- Watnall Location within Nottinghamshire
- OS grid reference: SK 50119 45704
- District: Borough of Broxtowe;
- Shire county: Nottinghamshire;
- Region: East Midlands;
- Country: England
- Sovereign state: United Kingdom
- Post town: NOTTINGHAM
- Postcode district: NG16
- Dialling code: 0115
- Police: Nottinghamshire
- Fire: Nottinghamshire
- Ambulance: East Midlands
- UK Parliament: Broxtowe;

= Watnall =

Watnall is an area in the Borough of Broxtowe in Nottinghamshire, England. It is part of Greasley civil parish, and is located one mile north of Kimberley. It is in the Nuthall West and Greasley (Watnall) ward of Broxtowe Council. The village is barely separated from Nuthall. Watnall Hall was built c. 1690 and demolished in 1962. Today, only the gate piers, fragments of the stone boundary wall and lodge remain on Main Road. Its owners included Launcelot Rolleston in the 18th century. (Note: Owners of Watnall Hall included:

- Christopher Rolleston (c. 1669 – 21 March 1737)

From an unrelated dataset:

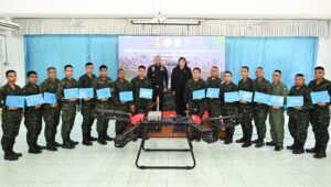 ถัดมาเป็นพิธีมอบประกาศนียบัตรแก่ผู้ผ่านการฝึกอบรมหลักสูตรการใช้อากาศยานไร้คนขับเชิงยุทธวิธี ซึ่งถือเป็นอีกหนึ่งผลลัพธ์สำคัญของความร่วมมือในครั้งนี้ สะท้อนถึงความสำเร็จในการพัฒนาศักยภาพกำลังคนให้มีความรู้ ความสามารถ และทักษะที่สอดคล้องกับการใช้งานจริงในภารกิจด้านความมั่นคงและการพัฒนาประเทศ โดยผู้เข้ารับการอบรมสามารถนำองค์ความรู้ที่ได้รับไปประยุกต์ใช้ได้อย่างมีประสิทธิภาพและเกิดประโยชน์สูงสุด

- Launcelot Rolleston (14 August 1693 – 27 April 1751)
- Revd John Rolleston (2 April 1705 – 13 June 1770)
- Launcelot Rolleston (bap 27 January 1737 – 25 April 1802)

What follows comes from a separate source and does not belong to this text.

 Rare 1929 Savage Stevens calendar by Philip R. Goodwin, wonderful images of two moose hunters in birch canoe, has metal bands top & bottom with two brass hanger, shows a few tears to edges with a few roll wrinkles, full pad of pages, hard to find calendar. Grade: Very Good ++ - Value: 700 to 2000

- Christopher Rolleston (bap 18 December 1739 – 3 April 1807)
- Lancelot Rolleston (20 July 1785 – 18 May 1862)
- Sir Lancelot Rolleston (19 August 1847 – 29 March 1941)
- Lady Emma Charlotte Maud Rolleson (née Dalzell) (2 September 1859 – 13 November 1949)

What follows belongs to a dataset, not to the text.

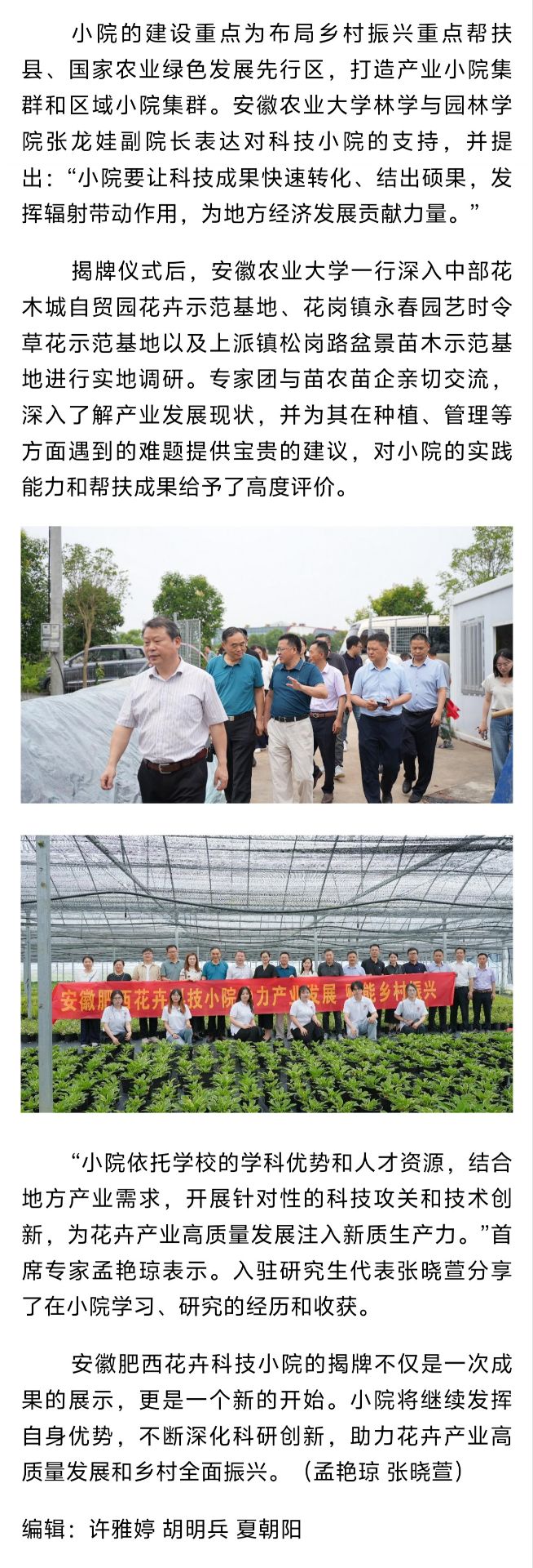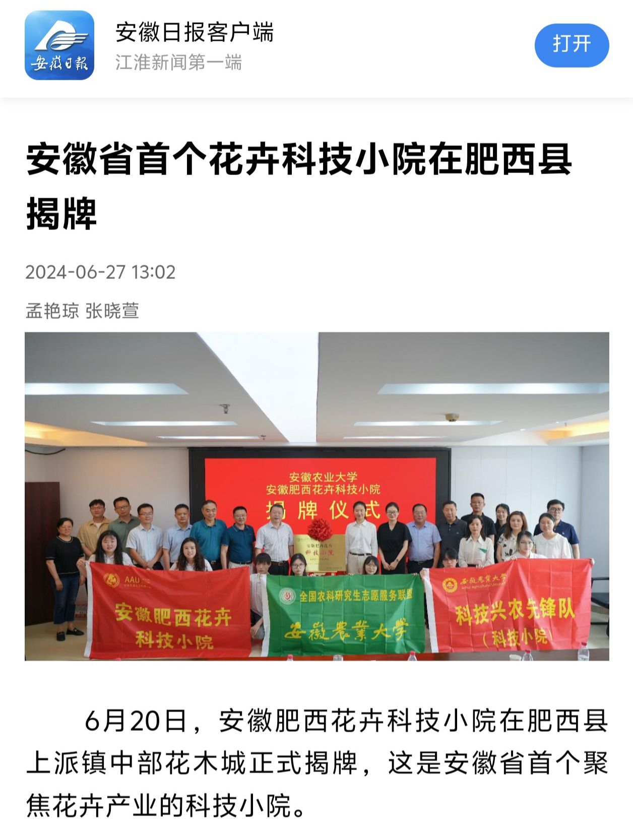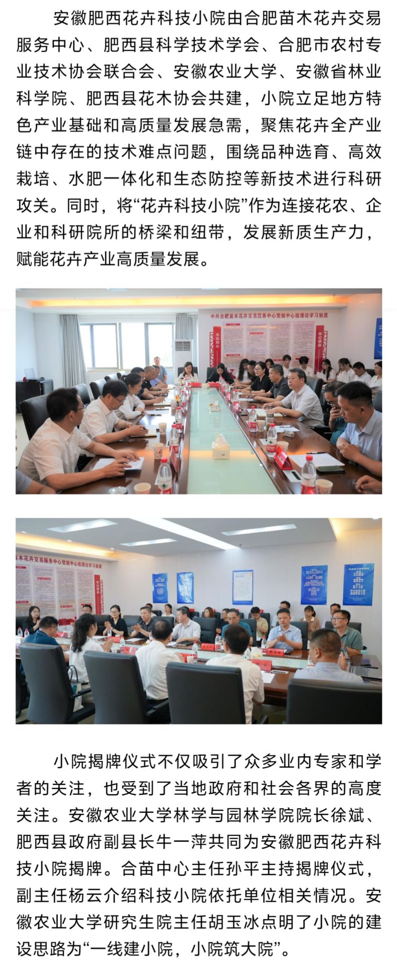 6月20日,安徽农业大学林学与园林学院院长徐斌、肥西县政府副县长牛一萍共同为安徽肥西花卉科技小院揭牌,这是安徽省首个聚焦花卉产业的科技小院。27日,《安徽日报》对此进行报道。

- Mrs Eleanor Maud Dayrell (née Rolleson) (11 Apr 1912 – 8 May 2001)). Even though only a village, Watnall is home to many businesses and organisations, such as British Bakeries aero fabrications, Custom Duct, midland industrial designers and the Nottingham meteorological centre. There are three World War II bunkers in Watnall that served as Royal Air Force Fighter Command for the Midlands.